A little before ten Wednesday evening, the astronauts began getting ready for MCC 5, the mid-course correction to counteract the shallowing; it would be a small burn, designed to shave seven feet per second off the spacecraft’s speed. The spacecraft had crossed over from the moon’s gravity into the earth’s gravity that morning, and had since been slowly picking up speed as it began the long drop into the Pacific. It was still travelling at less than three thousand miles an hour, but in a day and a half, when it hit the atmosphere, it would be going more than eight times as fast as that.
Everyone was still waiting for the helium tank to vent, which it still hadn’t done, but Deiterich said he couldn’t delay the burn any longer. Now Lovell found the earth in the telescope.
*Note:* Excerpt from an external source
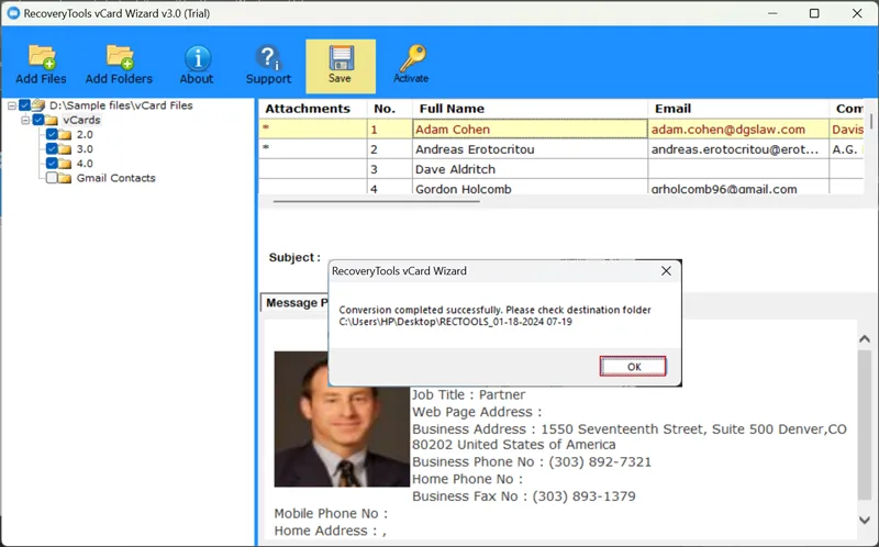 Tento VCF Attachment Remover je dodáván s 30denní zkušební verzí, která vám umožní odstranit profilové fotografie VCF z 5 kontaktů. To je výhodné otestovat tento software před upgradem na profesionální verzi. Demoverze však funguje stejně jako plně aktivovaná verze.

At that time, the earth’s terminator caused it to have horns, like a crescent moon, and Lovell had been told to align one of the cross hairs so that it was just grazing the horns. “I hope the guys in the back room who thought this up knew what they were doing,” he grumbled. Reed, who had been the one to suggest this alignment, wasn’t worried. It was necessary to orient the spacecraft in two directions, and lining up the earth’s horns on one of the cross hairs would do the trick, because the shadow was always at right angles to the sun; without this trick Deiterich would never have let the TELMUs turn off the LM’s guidance system on the trip back. The method had been thought up as an emergency measure at the time of Apollo 8, the mission in which Lovell and his companions had made the first manned lunar-orbital flight, and when the procedures were read up in the afternoon, of April 15 he couldn’t believe what he was hearing, because even when he had first heard them during Apollo 8 he hadn’t dreamed he would ever have to use anything as risky as that. Meanwhile, Deiterich was battling with the weathermen, who kept predicting that the tropical storm Helen was approaching the landing site, and who wanted Deiterich to shift the target several degrees to the west. Deiterich said later that he “hounded those guys all over again.” He refused to budge the landing site. The maneuver PAD for the burn was already copied down in the spacecraft, and, besides, he felt he could fly over any storm the weathermen could produce simply by tilting the spacecraft’s attitude at reëntry so that it skipped more in the atmosphere.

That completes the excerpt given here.